#### [WORK TO COMPLETE]
Search the material below for "bath" and copy every line where it occurs.

#### [SUPPLIED MATERIAL]
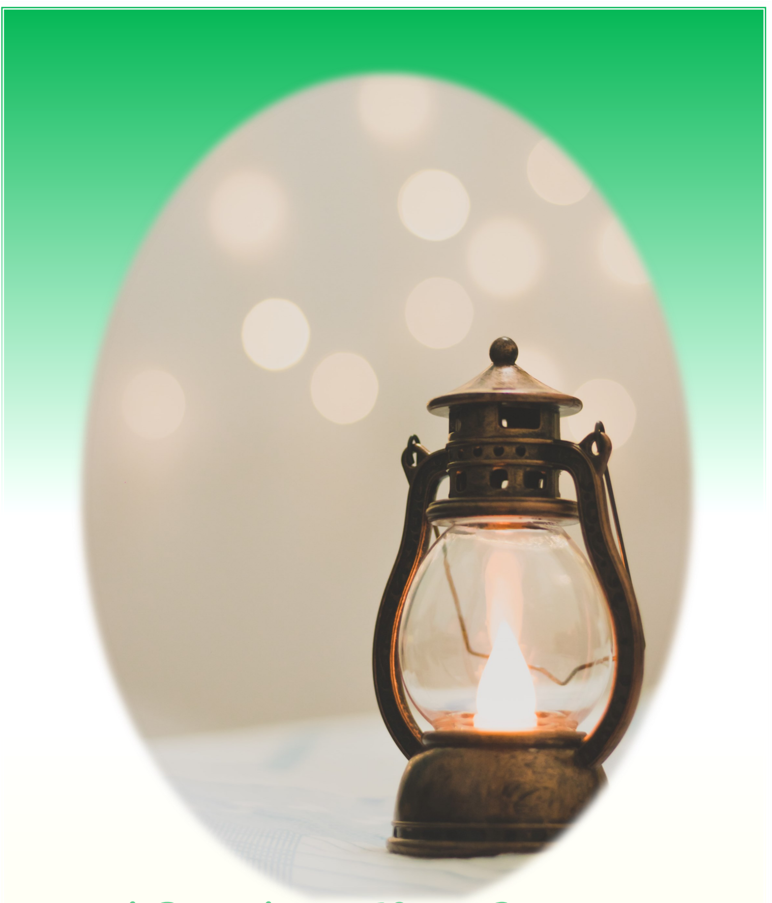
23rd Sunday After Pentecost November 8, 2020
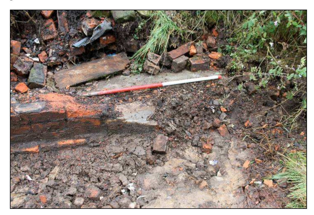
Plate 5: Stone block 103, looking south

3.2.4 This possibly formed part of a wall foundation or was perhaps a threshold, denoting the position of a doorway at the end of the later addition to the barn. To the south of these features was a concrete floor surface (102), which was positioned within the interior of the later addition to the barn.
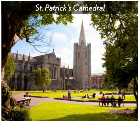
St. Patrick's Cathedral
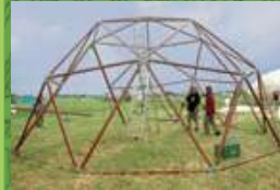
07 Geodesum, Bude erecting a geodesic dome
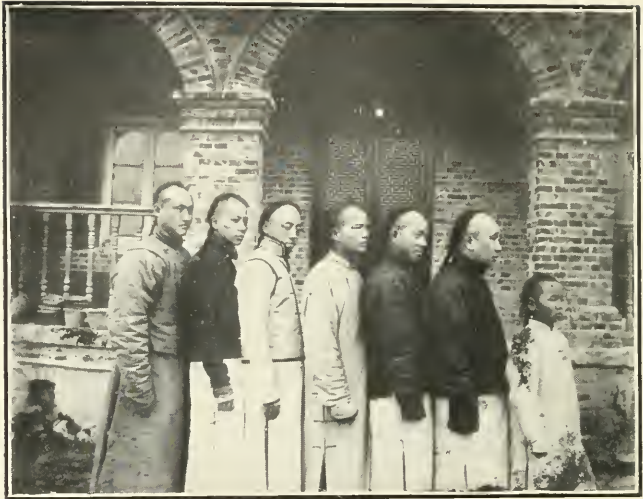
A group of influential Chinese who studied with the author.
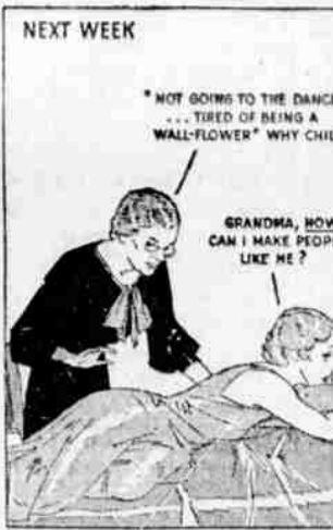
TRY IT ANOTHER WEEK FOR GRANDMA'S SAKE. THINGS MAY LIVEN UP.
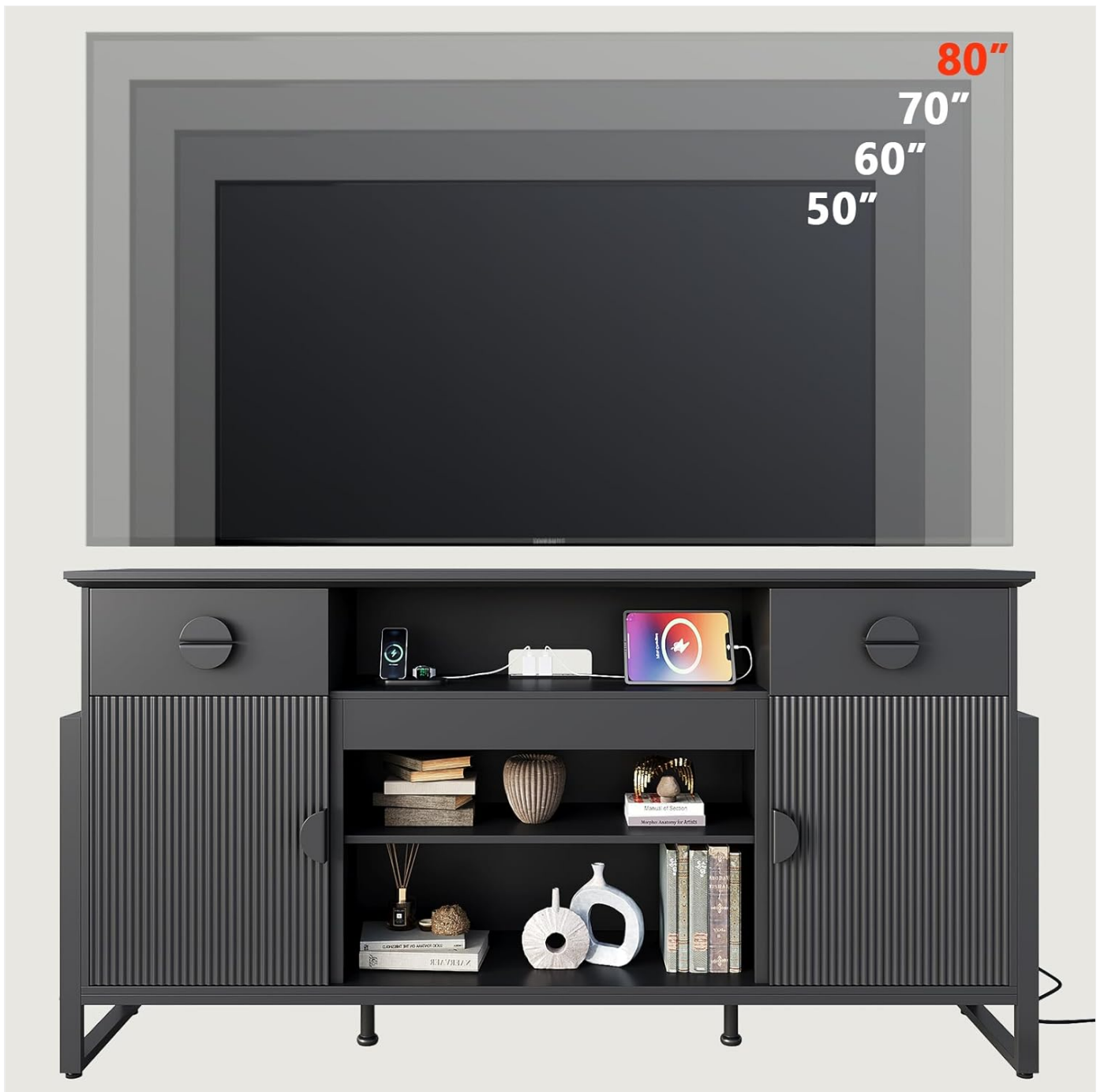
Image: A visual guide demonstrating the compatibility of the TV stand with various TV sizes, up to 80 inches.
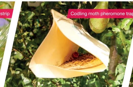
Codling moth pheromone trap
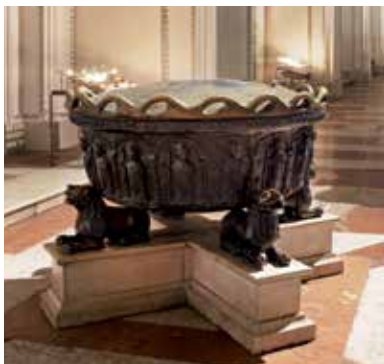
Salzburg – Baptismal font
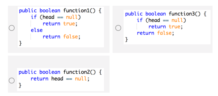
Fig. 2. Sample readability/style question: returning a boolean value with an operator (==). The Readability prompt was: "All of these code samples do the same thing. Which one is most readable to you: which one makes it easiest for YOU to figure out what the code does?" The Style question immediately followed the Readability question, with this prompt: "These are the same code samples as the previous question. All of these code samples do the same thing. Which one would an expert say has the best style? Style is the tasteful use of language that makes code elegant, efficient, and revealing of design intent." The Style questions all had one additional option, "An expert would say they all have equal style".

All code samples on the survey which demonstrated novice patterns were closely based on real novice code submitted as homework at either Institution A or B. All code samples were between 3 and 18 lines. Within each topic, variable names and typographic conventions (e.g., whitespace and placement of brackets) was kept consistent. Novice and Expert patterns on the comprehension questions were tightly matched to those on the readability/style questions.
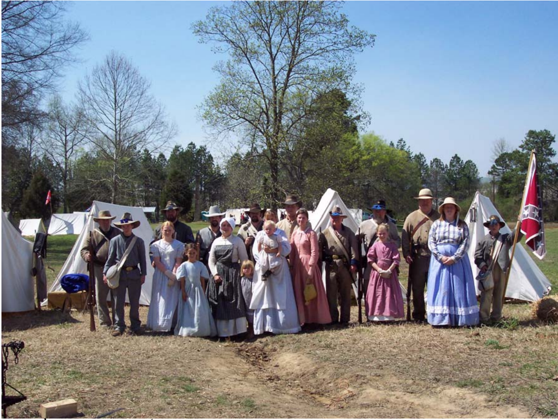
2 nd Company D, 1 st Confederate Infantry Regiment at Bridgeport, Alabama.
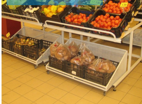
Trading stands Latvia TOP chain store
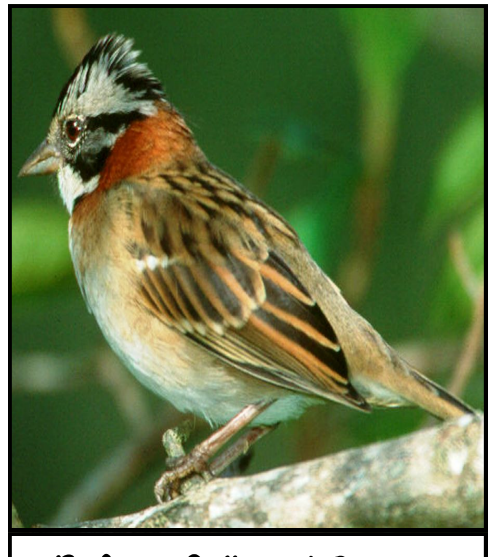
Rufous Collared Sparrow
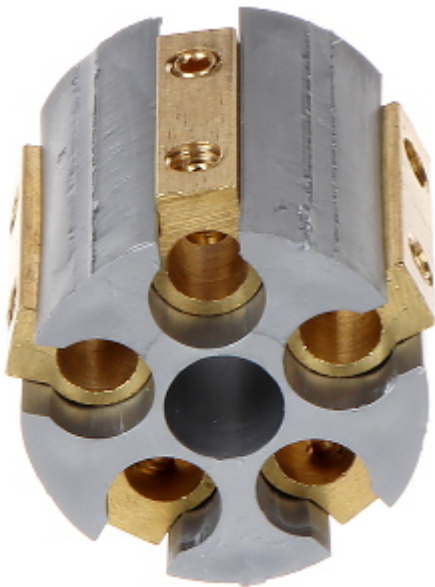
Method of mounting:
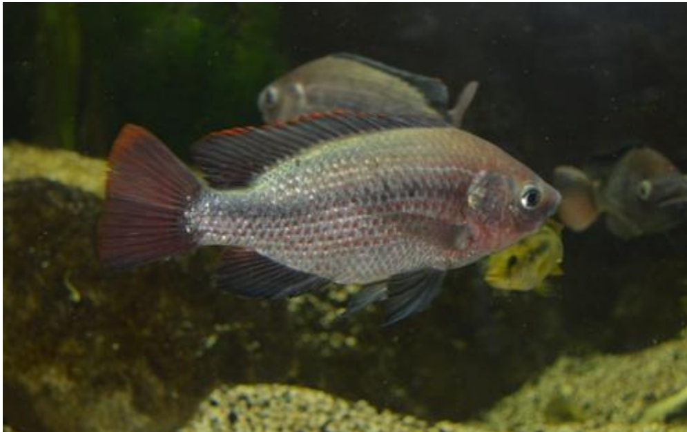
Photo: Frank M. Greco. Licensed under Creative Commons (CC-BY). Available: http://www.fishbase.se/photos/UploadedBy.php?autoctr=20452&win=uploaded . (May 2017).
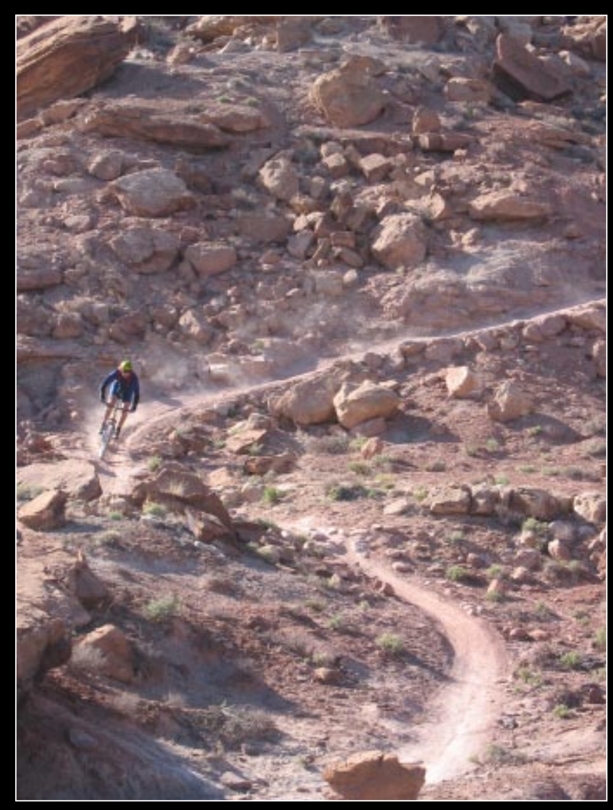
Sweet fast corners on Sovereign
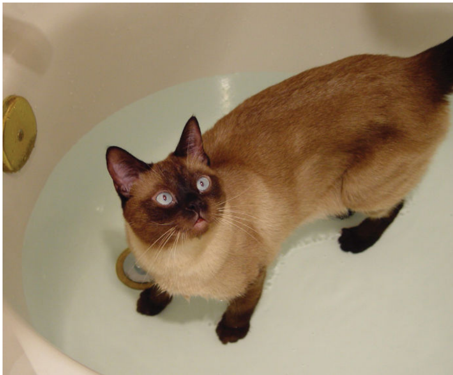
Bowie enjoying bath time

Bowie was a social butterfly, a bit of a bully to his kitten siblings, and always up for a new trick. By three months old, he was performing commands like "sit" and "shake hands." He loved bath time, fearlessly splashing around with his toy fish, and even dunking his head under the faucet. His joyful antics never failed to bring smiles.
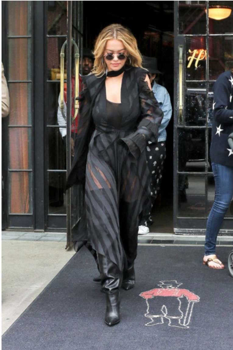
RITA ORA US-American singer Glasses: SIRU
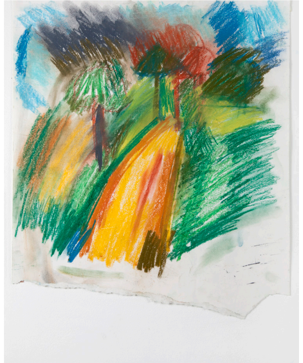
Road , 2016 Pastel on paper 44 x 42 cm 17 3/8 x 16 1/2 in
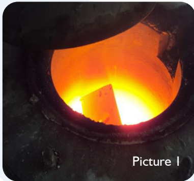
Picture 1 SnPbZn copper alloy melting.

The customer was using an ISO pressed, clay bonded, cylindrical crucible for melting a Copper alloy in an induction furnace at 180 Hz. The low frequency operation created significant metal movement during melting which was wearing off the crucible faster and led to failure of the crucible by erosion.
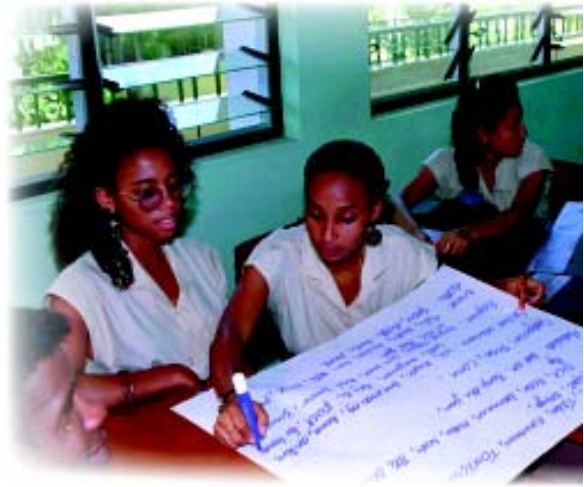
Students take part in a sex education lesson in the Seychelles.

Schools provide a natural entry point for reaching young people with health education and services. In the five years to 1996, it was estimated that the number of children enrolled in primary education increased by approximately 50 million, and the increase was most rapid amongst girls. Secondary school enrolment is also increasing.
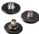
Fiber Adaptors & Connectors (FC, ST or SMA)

#### [ANSWER SECTION]
Bowie enjoying bath time
Bowie was a social butterfly, a bit of a bully to his kitten siblings, and always up for a new trick. By three months old, he was performing commands like "sit" and "shake hands." He loved bath time, fearlessly splashing around with his toy fish, and even dunking his head under the faucet. His joyful antics never failed to bring smiles.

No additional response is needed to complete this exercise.